WHAT THE EXERCISE ASKS :: Restate the data below word for word. Skip any images it contains.

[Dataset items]
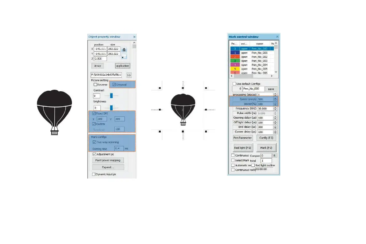 Paramètres de gravure. Réglez "Vitesse (mm/s)" à 500 et "Puissance (%)" à 100.
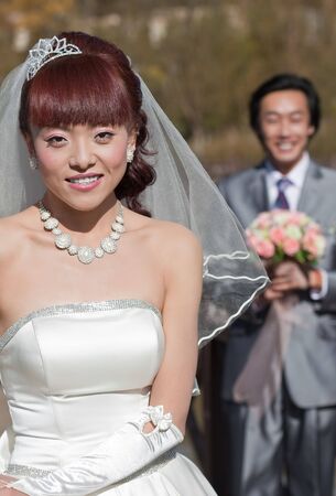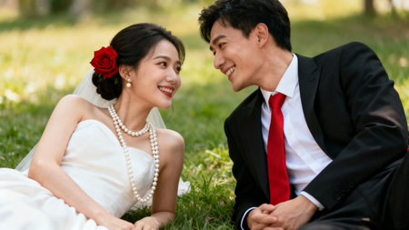 Interracial couple celebrating traditional Chinese wedding outdoors
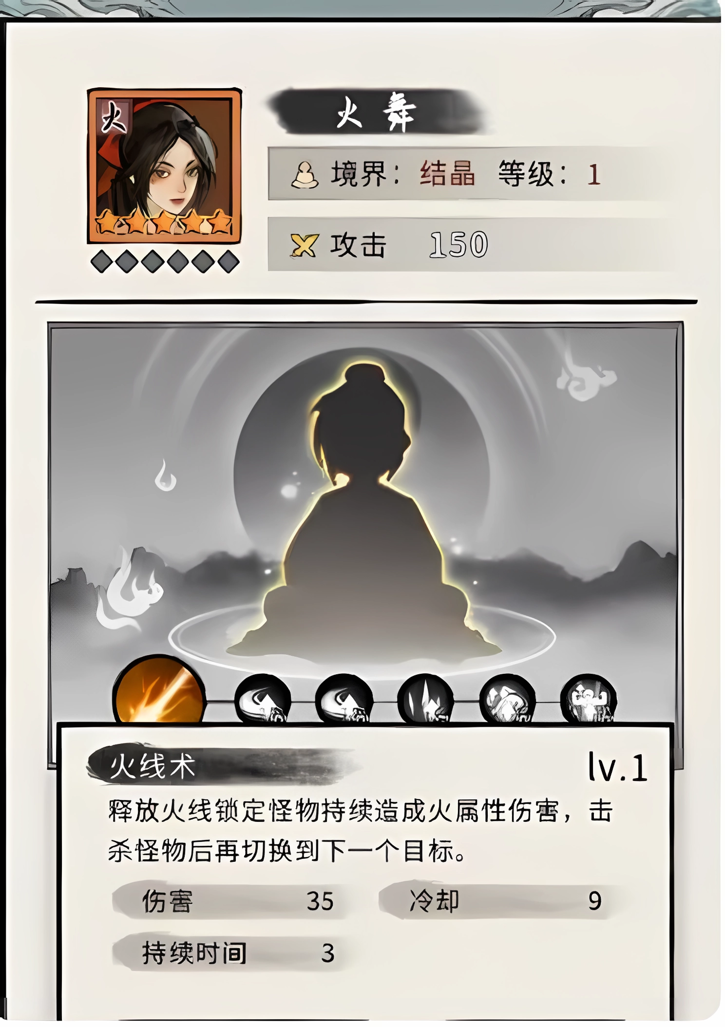 火舞是火系输出类型的弟子,技能为火线术,能释放多条火线锁定怪物并持续造成火属性伤害,当前怪物被击杀后会自动切换到下一个目标。
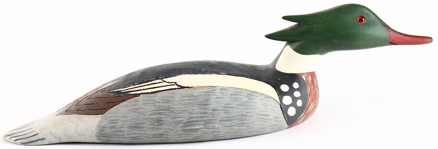 Swimming Red Breasted Merganser by C.J. Soine, glass eyes, solid wood, original paint, structurally excellent, branded on bottom. Grade: Excellent + - Value: 10 to 60
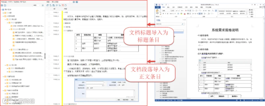 用户可以将Word文档中的章节和内容快速导入本系统进行条目化管理,并且导入后的条目内容样式(如表格、图表、公式等)与原文档保持一致;
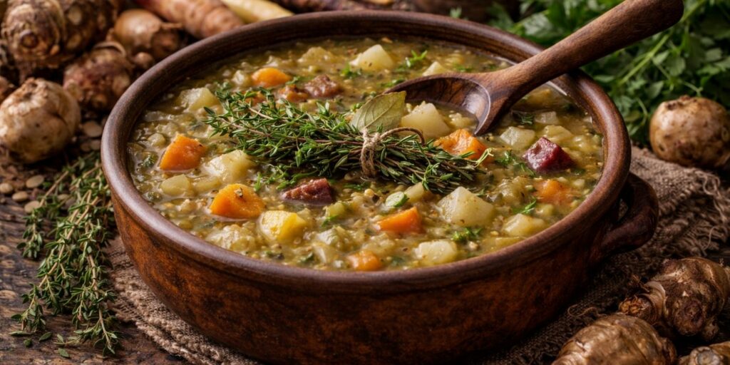 Cette soupe valorise les légumes anciens souvent délaissés aujourd’hui. Elle change selon les saisons et les récoltes. Le bouquet garni structure les saveurs.
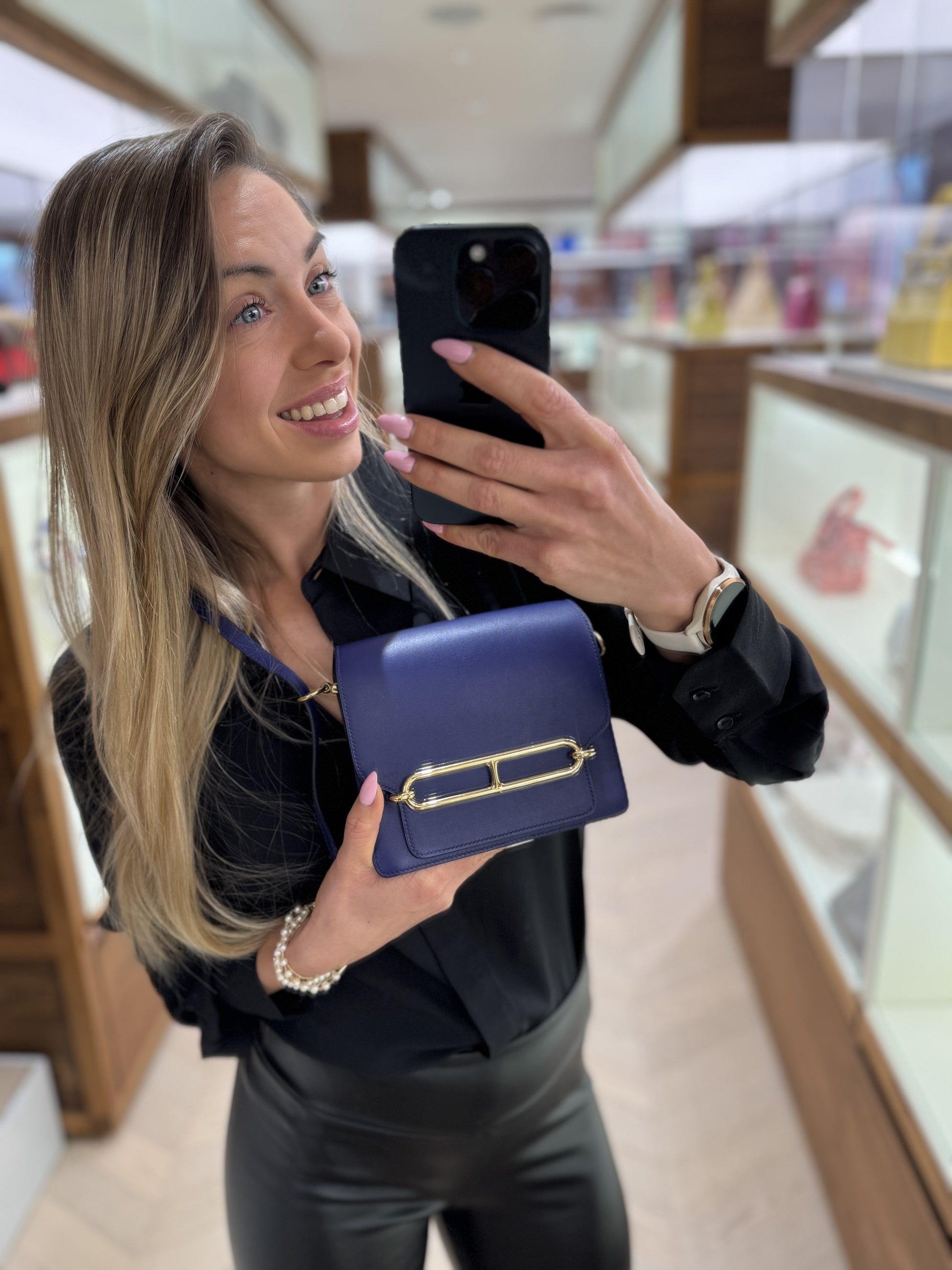 Pre-owned Hermes Roulis Mini M3 Ink Blue Swift Leather Golden Hardware, 2019
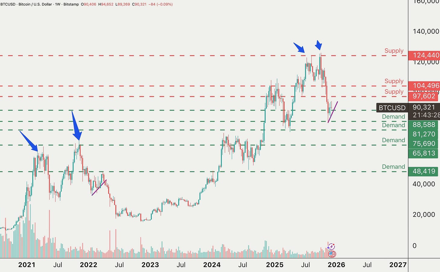 We might see a short-term bounce toward $97,000–$100,000 next week, but we wouldn’t trust that bounce to be sustainable.

SOLUTION TO THE EXERCISE ::
 Paramètres de gravure. Réglez "Vitesse (mm/s)" à 500 et "Puissance (%)" à 100.
 Interracial couple celebrating traditional Chinese wedding outdoors
 火舞是火系输出类型的弟子,技能为火线术,能释放多条火线锁定怪物并持续造成火属性伤害,当前怪物被击杀后会自动切换到下一个目标。
 Swimming Red Breasted Merganser by C.J. Soine, glass eyes, solid wood, original paint, structurally excellent, branded on bottom. Grade: Excellent + - Value: 10 to 60
 用户可以将Word文档中的章节和内容快速导入本系统进行条目化管理,并且导入后的条目内容样式(如表格、图表、公式等)与原文档保持一致;
 Cette soupe valorise les légumes anciens souvent délaissés aujourd’hui. Elle change selon les saisons et les récoltes. Le bouquet garni structure les saveurs.
 Pre-owned Hermes Roulis Mini M3 Ink Blue Swift Leather Golden Hardware, 2019
 We might see a short-term bounce toward $97,000–$100,000 next week, but we wouldn’t trust that bounce to be sustainable.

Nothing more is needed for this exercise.